Energy Act 1976
- Parliament of the United Kingdom
- Long title: An Act to make further provision with respect to the nation's resources and use of energy
- Citation: 1976 c. 76
- Introduced by: Minister of State, Department of Energy (Dr. J. Dickson Mabon) 15 June 1976 (Second Reading) (Commons)
- Territorial extent: England and Wales; Scotland; Northern Ireland (sections 7–11, 13 and 14);

Dates
- Royal assent: 22 November 1976
- Commencement: various

Other legislation
- Amends: Continental Shelf Act 1964; Electricity Act 1972; Gas Act 1972;
- Repeals/revokes: Fuel and Electricity (Control) Act 1973
- Amended by: Criminal Procedure (Scotland) Act 1975; Transport Act 1980; Gas Act 1980; Public Passenger Vehicles Act 1981; Oil and Gas (Enterprise) Act 1982; Criminal Justice Act 1982; Industrial Development Act 1982; Energy Act 1983; Co-operative Development Agency and Industrial Development Act 1984; Transport Act 1985; Gas Act 1986; Road Traffic (Consequential Provisions) Act 1988; Electricity Act 1989; Transfer of Functions (Economic Statistics) Order 1989; Gas Act 1995; Electricity (Northern Ireland) Order 1992; Driving Licences (Community Driving Licence) Regulations 1996; Petroleum Act 1998; Competition Act 1998; Justice (Northern Ireland) Act 2002; Civil Contingencies Act 2004; Growth and Infrastructure Act 2013; Deregulation Act 2015; Energy Act 2016; Electricity and Gas etc. (Amendment etc.) (EU Exit) Regulations 2019;

Status: Amended

Text of statute as originally enacted

Revised text of statute as amended

Text of the Energy Act 1976 as in force today (including any amendments) within the United Kingdom, from legislation.gov.uk.

= Energy Act 1976 =

Act of the Parliament of the United Kingdom

The Energy Act 1976 (c. 76) is an act of the Parliament of the United Kingdom which empowered the Secretary of State to control the production, supply, acquisition and use of fuels and electricity, and included measures for the conservation of fuels.

== Background ==
The Fuel and Electricity (Control) Act 1973 had been enacted during the 1973 oil crisis, but had to be renewed annually.  The Government thought it would be expedient to put these emergency powers on a permanent basis. The Energy Act 1976 enacted this provision and included a number of other energy related requirements. The Government wished to develop policies for the conservation of energy, and to comply with European Council directives and enforce EEC (EU) regulations in the energy field. Furthermore, there were a number of provisions in existing legislation that needed to be updated. These included the regulation of flaring and venting unignited gas into the atmosphere. The British Gas Corporation was relieved from its obligation under the Gas Act 1972 to meet demands for new or additional supplies of gas to large users. It provided the Secretary of State with the power to make Orders requiring the fuel consumption of cars to be made public. It also raised the upper limit of the contributions payable under Section 2 of the Electricity Act 1972 from £25 million to £45 million.

== Provisions ==
The Energy Act 1976 (1976 chapter 76) received Royal Assent on 22 November 1976. Its long title is ‘An Act to make further provision with respect to the nation's resources and use of energy’.

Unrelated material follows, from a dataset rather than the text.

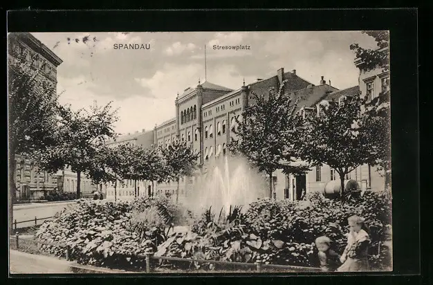 AK Berlin-Spandau, Springbrunnen auf dem Stresowplatz

The act comprises 23 Section and 4 Schedules

Permanent and reserve powers for energy conservation and control

- Section 1 General control by order
- Section 2 Reserve power to control by government directions
- Section 3 Implementation of reserve powers
- Section 4 Other powers
- Section 5 Temporary relief from restrictive practices law

Maintenance of fuel reserves

- Section 6 Bulk stocks of petroleum, etc.
- Section 7 Fuel stocks at power stations

Offshore natural gas

- Section 8 Supply of offshore natural gas
- Section 9 Use and liquefaction of offshore natural gas
- Section 10 Supplementary provisions as to consents
- Section 11 Interpretation of ss.8 to 10

Other measures for controlling energy sources and promoting economy

- Section 12 Disposal of gas by flaring, etc.
- Section 13 Restriction on obligation to supply gas
- Section 14 Fuelling of new and converted power stations
- Section 15 Passenger car fuel consumption

Miscellaneous and general

- Section 16 Finance for power projects
- Section 17 Orders and directions
- Section 18 Administration, enforcement and offences
- Section 19 Penalties
- Section 20 Financial provision
- Section 21 Interpretation
- Section 22 Repeals and savings
- Section 23 Citation, commencement and extent

Schedules

- Schedule 1 Relaxations of Road Traffic and Transport Law Permissible under Section 4(2)
- Schedule 2 Administration and other matters
- Schedule 3 Community Obligations of which Breach is Punishable under this Act
- Schedule 4 Repeals and Savings

== Effects ==
The act repealed the Fuel and Electricity (Control) Act 1973 except as it applied to the Channel Islands and the Isle of Man. The act which is still in force (in 2020) includes provisions for:

- bulk stocks of petroleum
- liquefaction of offshore natural gas
- disposal of gas by flaring
- fuelling of new and converted power stations
- passenger car fuel consumption.

== Subsequent developments ==
Section 8 of the 1976 act was repealed by the Oil and Gas (Enterprise) Act 1982. Section 16 was repealed by the Electricity Act 1989. Sections 12A and 12B were inserted by the Energy Act 2016.